We also perform a comparison of the summary.tags_found
to indicate
in the details
field which new tags have been reported, and which tags
have disappeared.
Note
Among the difference of tags, there can be tags that have severities lower than warning and error, but we have no way to filter them out without loading the full analysis.json from the artifact which would be much more costly for almost no gain.
For autopkgtest
We compare the result of each individual test in the results
key
of the artifact metadata. Each result is classified on its own following
the table below, the first line that matches ends the classification
process:
ORIGINAL |
NEW |
RESULT |
---|---|---|
|
FLAKY |
stable |
PASS, SKIP |
FAIL |
regression |
FAIL, FLAKY |
PASS, SKIP |
improvement |
|
|
stable |
Each individual regression or improvement is noted and documented in the
details
field of the analysis.
To compute the global result of the regression analysis, the logic is the following:
if "regression" in comparison_of_tests:
return "regression"
elif "improvement" in comparison_of_tests:
return "improvement"
else:
return "stable"
For piuparts and blhc
The provided metadata do not allow for deep comparisons, so the comparison
is based on the result
of the corresponding WorkRequest (which is
duplicated in the per-item data of the debian:qa-results
collection).
The algorithm is the following:
if origin.result == SUCCESS and new.result == FAILURE:
return "regression"
elif origin.result == FAILURE and new.result == SUCCESS:
return "improvement"
else
return "stable"
About the UI to display regression analysis
Here’s an example of what the table could look like:
Test name |
Original result for dpkg_1.2.0 |
New result for dpkg_1.2.1 |
Conclusion |
---|---|---|---|
autopkgtest:dpkg_amd64 |
✅ |
❌ |
↘️ regression |
lintian:dpkg_source |
✅ |
✅ |
➡️ stable |
piuparts:dpkg_amd64 |
✅ |
❔ |
❔ no-result |
autopkgtest:apt_amd64 |
❌ |
✅ |
↗️ improvement |
Summary |
1 failure |
1 failure, 1 missing result |
↘️ regression |
Multiple comments about the desired table:
We should use the standard WorkRequest result widgets instead of the special characters (✅ and ❌) shown above.

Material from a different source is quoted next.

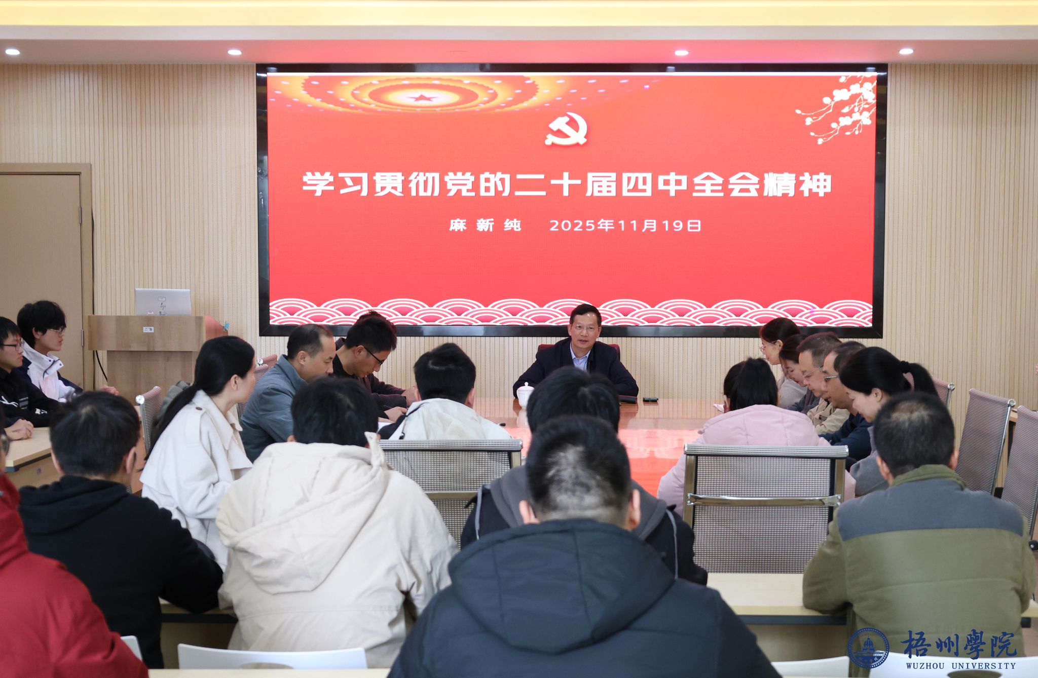 11月19日下午,学校校长麻新纯在明科楼K902会议室为电子信息与人工智能学院师生代表作党的二十届四中全会精神专题宣讲。电子信息与人工智能学院党政领导班子成员、师生代表参加学习。

We want to put links to the artifact for each QA result in the “Original result” and “New result” columns.
The number of autopkgtest results due to the reverse_dependencies_autopkgtest workflow can be overwhelming. Due to this, the autopkgtest lines that concern other source packages than the one processed in the current workflow are hidden if the regression analysis result is “stable” or “no-result”.
For piuparts tasks where we don’t have artifacts to link, we probably want to link to the work request directly.